In the device for controlled release of a predetermined amount of at least one substance shown in FIG. 3a, the opening of the compartment is indirect electricity from the active matrix 40 to the release mechanism 30 mediated by the drug. Achieved by dynamic signal. This is particularly suitable when the release mechanism 30 is ruptured using an electrochemical release mechanism. In this case, all of the second electrodes 33 are held at a reference voltage (eg, 0V), and the emission mechanism 30 applies the voltage at each first electrode 32 on the first substrate layer 41 with the active matrix 40. Activated by adding. This approach works best in combination with a specific release mechanism 30, such as an electrochemical release mechanism.

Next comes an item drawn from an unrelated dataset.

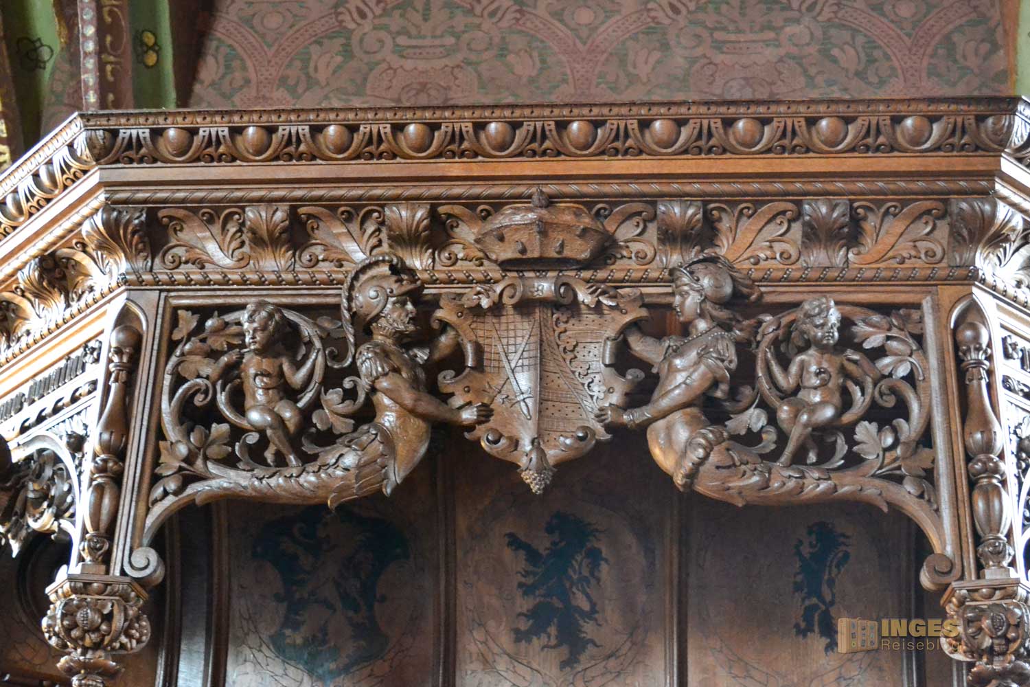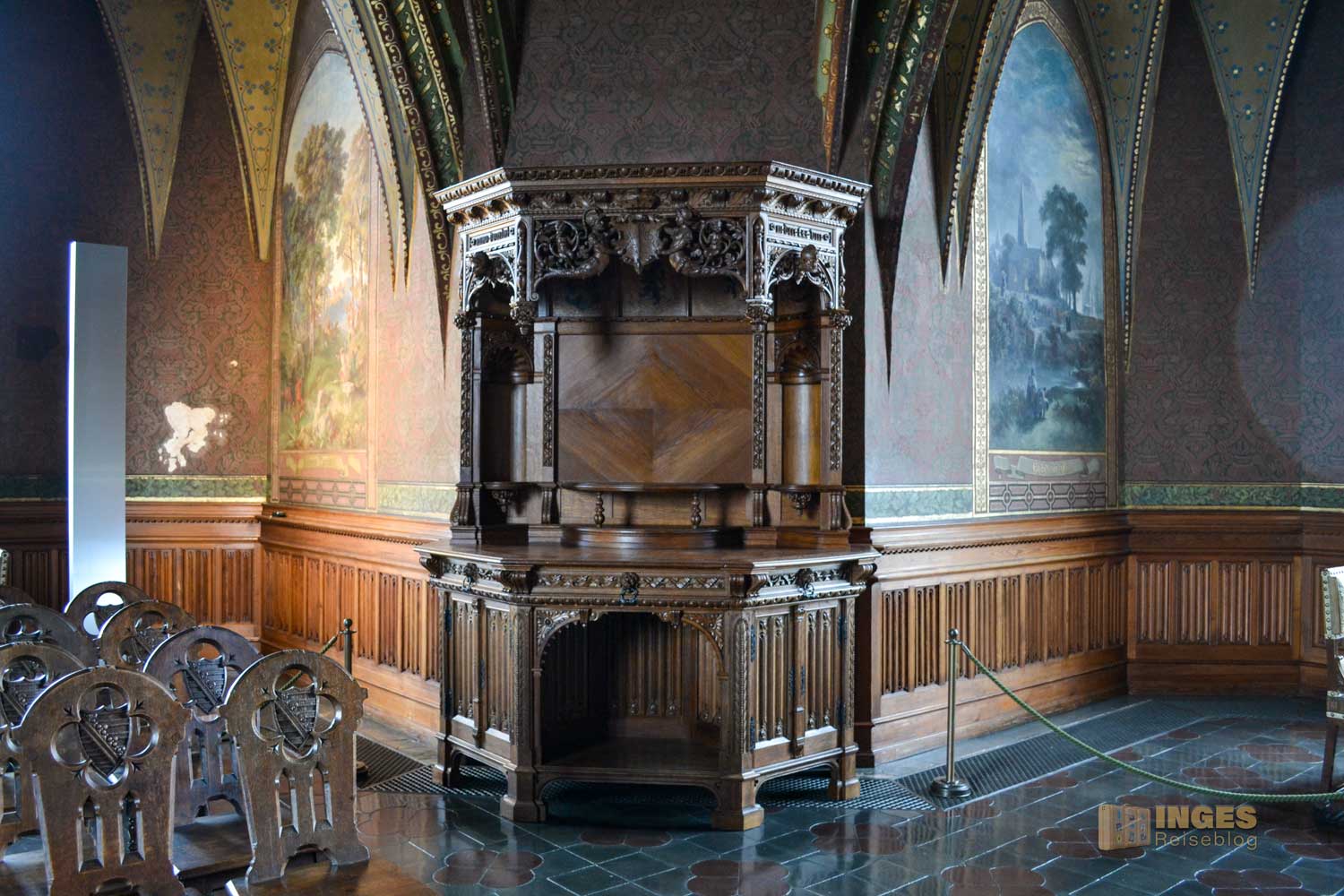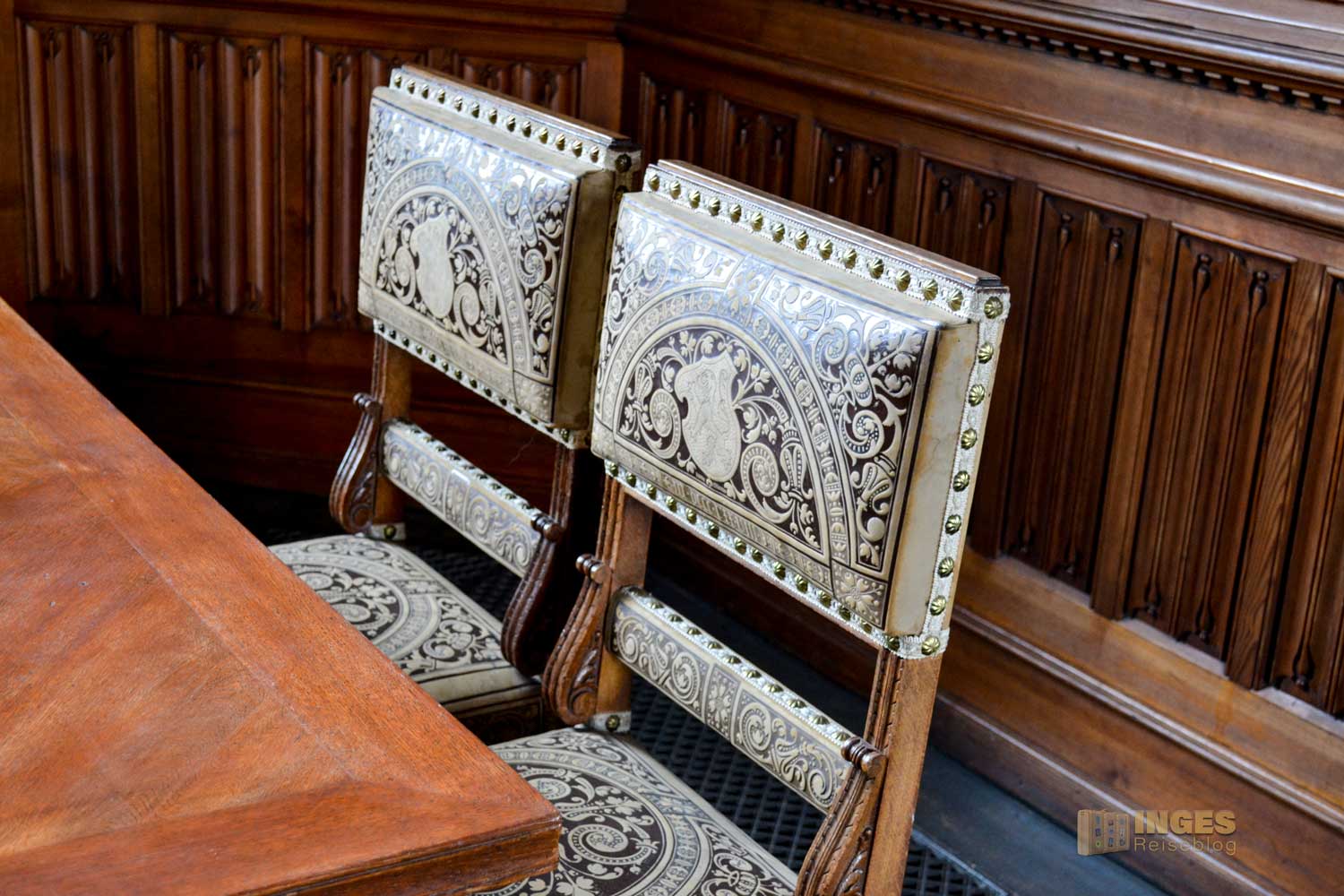 Wieder das 'kleine' Besondere, der Raum wird auch als Standesamt genutzt. Und was würde als Gemälde in diesen Raum besser passen, wie die Hochzeit zwischen Albrecht und seiner Braut Zedena. Wunderschön auch die kleinen Details an den Möbeln ....

  In FIG. 3b, the opening of the compartment 20 is achieved by a direct electrical signal from the active matrix 40 to the discharge mechanism 30 through electrical connections 34 in the form of vias. Electrical contact can be achieved, for example, by extending the conductive layer 34 from the second substrate layer through the compartment 20 to the first electrode 32 of the active matrix 40. The second substrate layer 31 of the release mechanism 30 is ruptured by passing a current through the release mechanism 30 using a resistive heating mechanism. In order to avoid the difficulty that a part of the ejection mechanism 30 needs to be deposited after the compartment 20 is filled, the first substrate layer 41 to the second substrate, as also shown in FIG. Contact to the layer may be achieved by filling the connection 34 with conductive paste 35 or glue 35.

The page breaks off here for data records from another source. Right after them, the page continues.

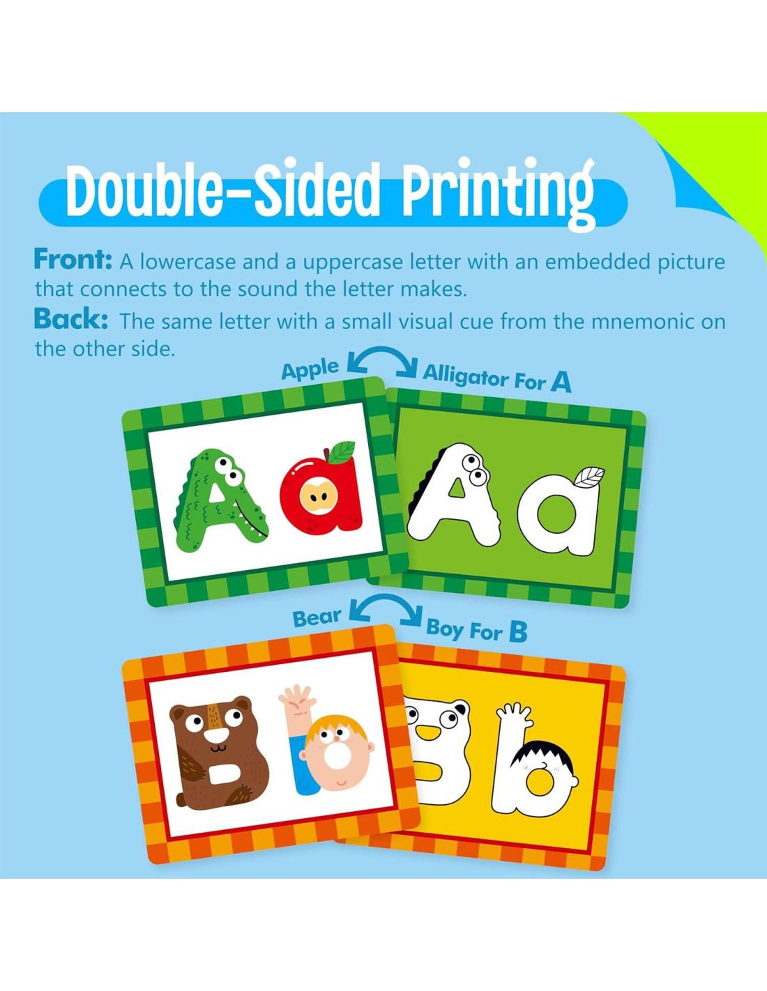 - Impresión a Doble Cara: Diseño a doble cara: Cada tarjeta presenta una letra minúscula y una letra mayúscula en el frente, acompañada de imágenes que representan su sonido. La parte posterior muestra las mismas letras con una pequeña pista visual relacionada con la imagen del frente, lo que puede reforzar la conexión entre la letra, el sonido y la imagen.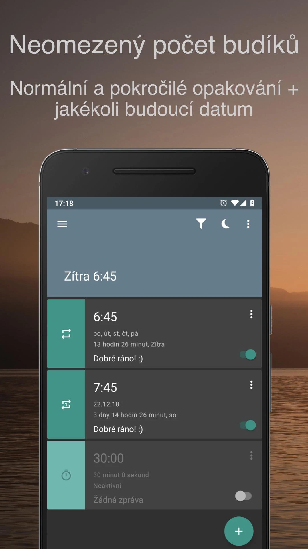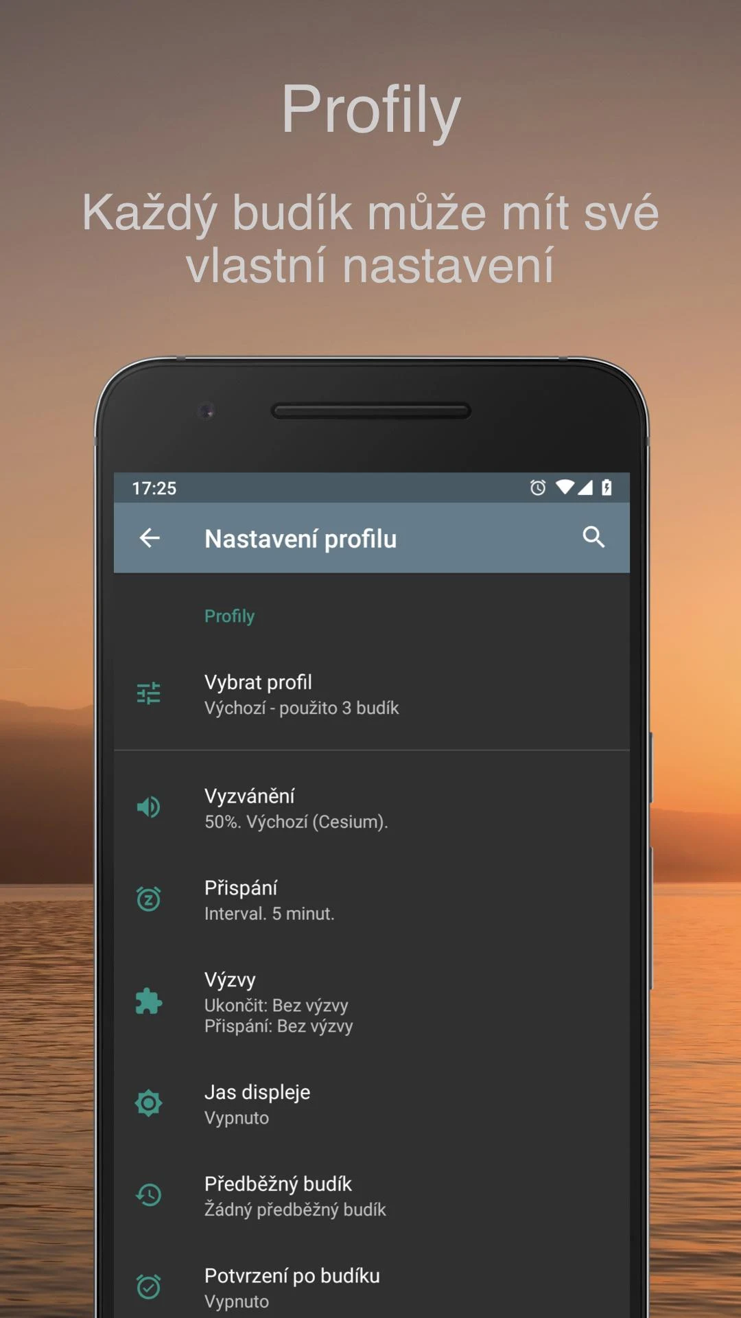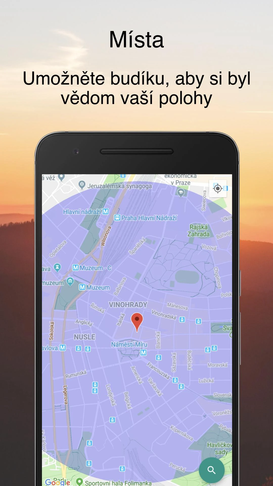 • Geolokační podmínky: Budík zvoní jen doma, nikoli na chatě a dovolené.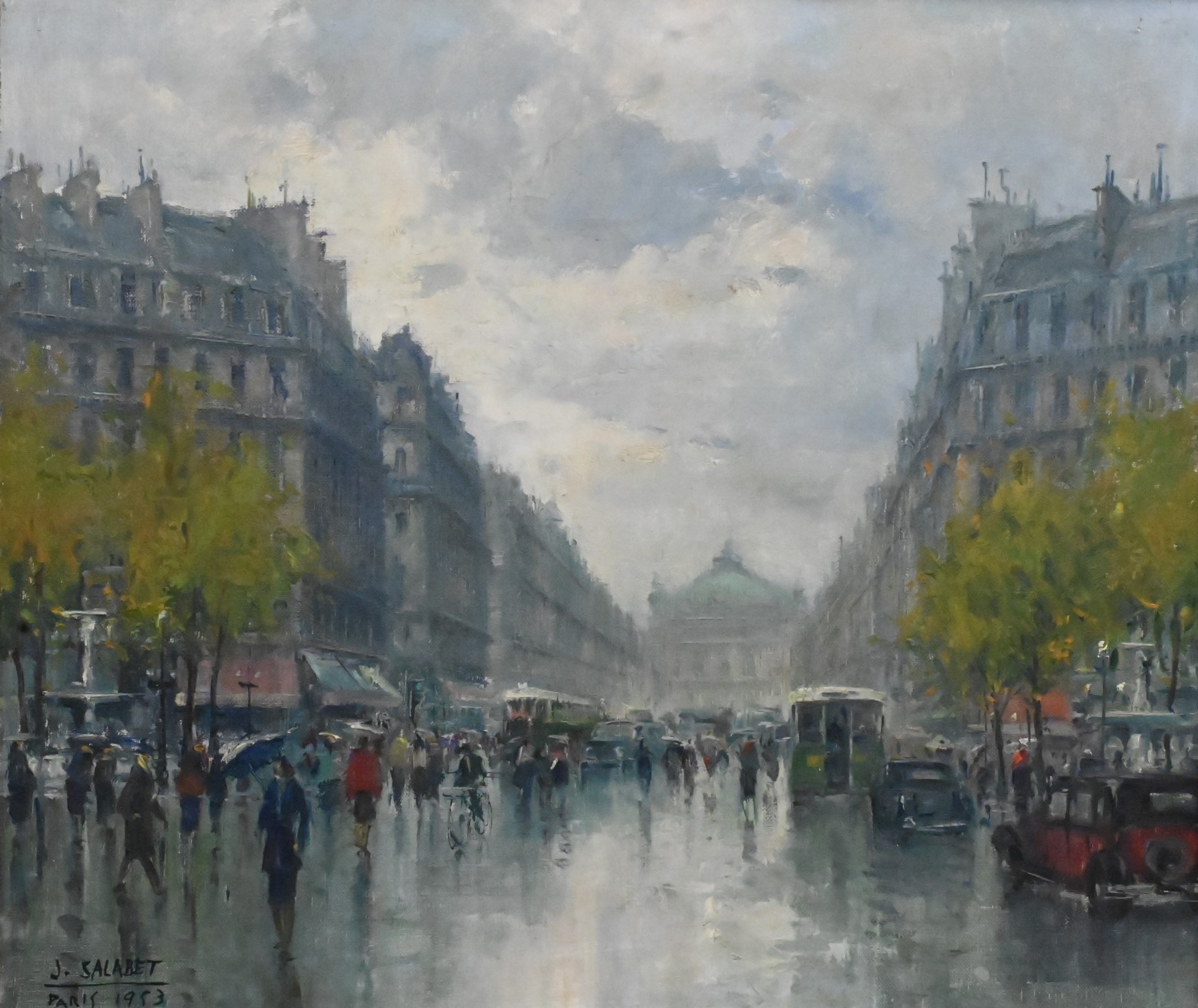Brigitte Langevin (French, early 1900’s), horse rider by a pond, oil on canvas, signed lower left “B. Langevin”, not dated, 9 3/4″ x 13 1/4″, William Haines Picture Framing label on back.

  In FIGS. 4-6, embodiments of the apparatus 10 of the present invention in which the release mechanism 30 is incorporated into the active matrix 40 are depicted. The first substrate layer 41 and the second substrate layer 31 are arranged adjacent, which facilitates electrical contact between the active matrix and the emission mechanism. Further, since the first substrate layer 41 and the second substrate layer 31 are arranged adjacent to each other, a portion of the active matrix (eg, gate electrode, source and drain electrodes, addressing or It may be preferred to implement the data lines, etc.) on the same second substrate layer on which the emission device is formed. As a result, the substance is released through the first substrate layer 41 of the active matrix 40 in addition to being released through the second substrate layer (which is ruptured). To achieve this, it is preferred that the first substrate layer 41 is thin and / or flexible so that the first substrate layer 41 inherits the function of the thin metal / dielectric layer of the prior art emission device. Can do.

  By making the active matrix 40 directly on a plastic or metal foil substrate, or alternatively, the active matrix 40 is placed on a flexible substrate from the auxiliary (glass) substrate on which the active matrix 40 is manufactured. Several approaches are known for realizing an active matrix 40 on a flexible first substrate layer 41 by transferring. A further method is known as the EPLaR (Electronics on Plastics by Laser Release) process, according to which the active matrix 40 is coated with a thin flexible layer (such as polyimide). Prepared on an auxiliary standard (glass) substrate. The thin layer with active matrix 40 is then separated from the auxiliary glass substrate.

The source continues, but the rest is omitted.